Il en va autrement de Sophie, Lisette Oropesa, jeune soprano américaine, à la voix affirmée, qui interprète une Sophie plus mure qu’à l’accoutumée, douée d’une diction exceptionnelle (supérieure en tous cas à celle de Sophie Koch), d’une voix assez large, et qui donne au personnage un poids un peu différent, aidée par une mise en scène qui en fait une jeune fille gentiment délurée. C’est un nom à retenir car non seulement la prestation est exemplaire, mais elle a prise sur le public qui lui fait un accueil triomphal.
Sophie Koch en Charlotte impose un personnage dramatique et affirmé. La voix remplit sans effort (et même un peu trop) l’immense vaisseau du MET. Il n’y a plus beaucoup de fragilité dans cette Charlotte-là. Il y a trois ans à Bastille, elle avait à la fois cette voix affirmée, cette énergie, mais elle avait aussi une certaine fragilité ; ma Charlotte préférée reste Susan Graham, plus mure, plus apaisante et plus intériorisée.
La fréquentation de rôles lourds, la voix qui incontestablement s’est élargie, font de la Charlotte de Sophie Koch un personnage presque verdien…on sent pointer au loin une Eboli…Ce n’est pas tout à fait ce que j’attends pour Charlotte. De plus, la diction m’est apparue plus relâchée : l’acoustique claire du théâtre faisait qu’on entendait chaque mot de la plupart des autres chanteurs, mais pas les siens, alors qu’elle était la française de la distribution.

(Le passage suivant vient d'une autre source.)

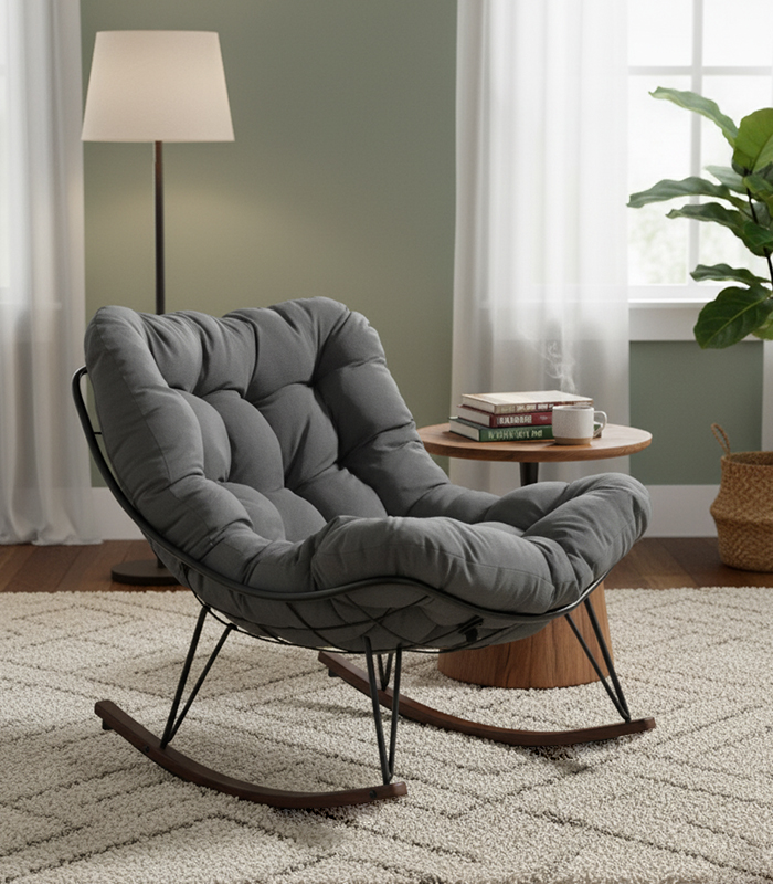 Stylowy i niezwykle wygodny fotel bujany to idealne miejsce na odpoczynek po długim dniu. Posiada szerokie, 80-centymetrowe siedzisko oraz miękką poduszkę, które gwarantują pełen komfort i relaks. Delikatnie zaokrąglony kształt dopasowuje się do sylwetki, wspierając kręgosłup i przynosząc ulgę zmęczonym mięśniom. To doskonały sposób, by po pracy zanurzyć się w spokoju i odprężeniu.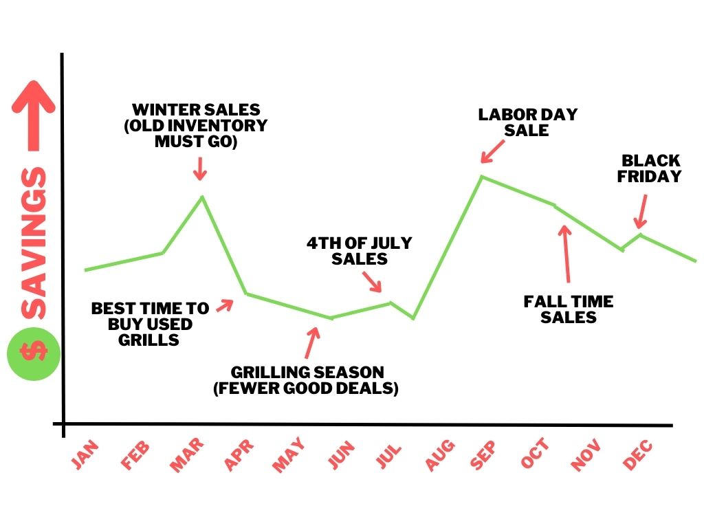 April through August are the best times to find quality used grills. Most of these grills are sold by someone looking to upgrade and needing a few bucks to help foot the bill. Sure, there are plenty of junkers out there but with a little searching and some patience, you might find a gem.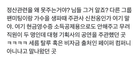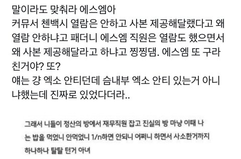 지금 욕하는 글이나 댓글들 다 추측임ㅋ 스엠블라라면서 에스엠 입장문이랑 말 하나도 안 맞는 익명 글 가져오고ㅋㅋ 거짓말 칠 거면 제발 전문 좀 읽고 오세요^^ 그걸 쓰는 사람이냐 믿고 퍼나르는 사람이나.. 니네가 이딴 글로 욕하고 선동한게 없었던 일이 됨? 뭘 다른 걸 걸고 넘어질려해 ㅋㅋ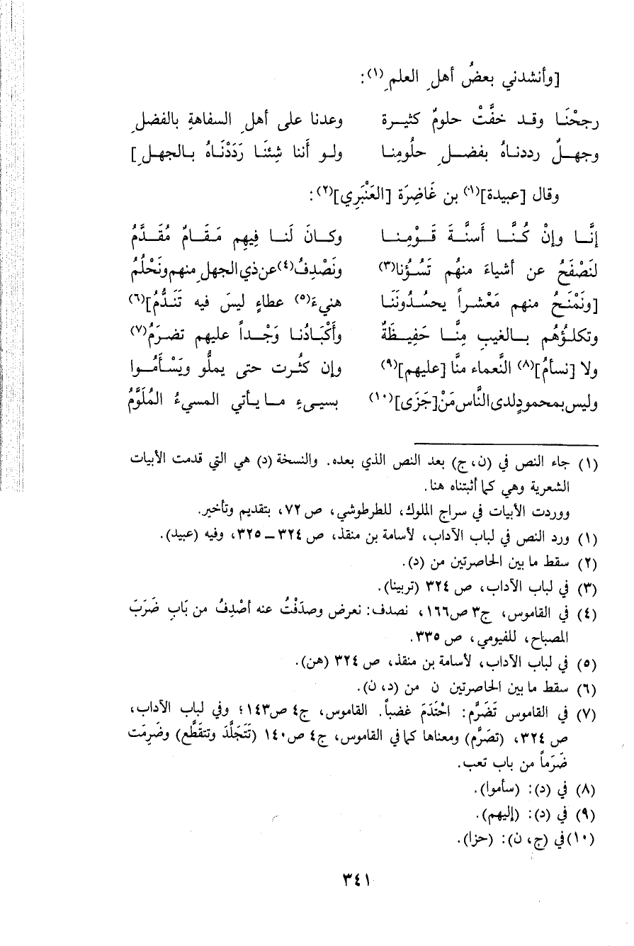 (لنصفح عَن أَشْيَاء مِنْهُم تسؤنا ... ونصدف عَن ذِي الْجَهْل مِنْهُم ونحلم)

Je suis peut-être injuste et un peu trop dur avec un travail qui reste d’un très haut niveau : évidemment le sens dramatique et la présence scénique donnent à sa prestation une rare intensité : elles ne sont pas nombreuses, les Charlotte de cette trempe.
Acte III © 2014 The Metropolitan Opera.
Il faut d’ailleurs un très haut niveau pour tenir la scène face à Jonas Kaufmann. Il était un peu fatigué ce soir, avec quelques petits problèmes dans le suraigu et quelques hésitations au tout début : comme souvent, il a quelque difficulté à entrer en musique, et ses premières paroles sont légèrement pâteuses (je l’avais remarqué et dans Forza et dans Don Carlo à Munich), mais dès que la voix se découvre, se chauffe, s’installe, dès que les aigus sortent, c’est un enchantement.
Acte IV © 2014 The Metropolitan Opera.
Si Jonas Kaufmann peut chanter aussi bien Werther que Siegmund et bientôt Otello, c’est que sa technique est exceptionnelle et son intelligence du chant rare, c’est surtout qu’il est l’un des seuls à savoir ammorbidire, diraient les italiens, à savoir adoucir et chanter pianissimo et à assurer des mezze voci de rêve, grâce à un contrôle de tous les instants, une science accomplie du chant et une conduite de souffle époustouflants : la mort de Werther, murmurée, est anthologique. Je l’avais écrit lors de ses représentations parisiennes, seul Alfredo Kraus avec un timbre plus clair, avait un tel contrôle et une telle technique.
Acte III © The Metropolitan Opera.
Ce timbre sombre qui caractérise Kaufmann et qui surprend toujours les premières minutes sert évidemment le personnage qu’il interprète, doublé d’une présence charismatique : on ne voit guère que lui lorsqu’il apparaît.
Inutile de tergiverser, c’est un monstre sacré, et on comprend le public debout qui au moment des saluts hurlait Jonas ! Jonas !.
Il reste que je trouve qu’il y avait à Paris une magie juvénile, une émotion qu’on ressentait moins ici : est-ce la mise en scène ? est-ce que Kaufmann ne pourra plus chanter Werther dans quelque temps, lorsqu’il ne fréquentera que d’autres rôles plus larges ? est-ce que j’en attendais trop (c’est toujours possible) ?
Je pense qu’il faudra aller faire un tour au cinéma le 15 mars pour se faire une idée définitive. On le sait fragile et il avait dû renoncer précédemment pour fatigue passagère. Mais fatigué ou pas, il est sans aucune hésitation le plus grand aujourd’hui.
Ce fut quand même un pur bonheur et comme toujours une chance immense de l’entendre, et malgré les menues réserves çà et là, ce fut une grande et belle soirée.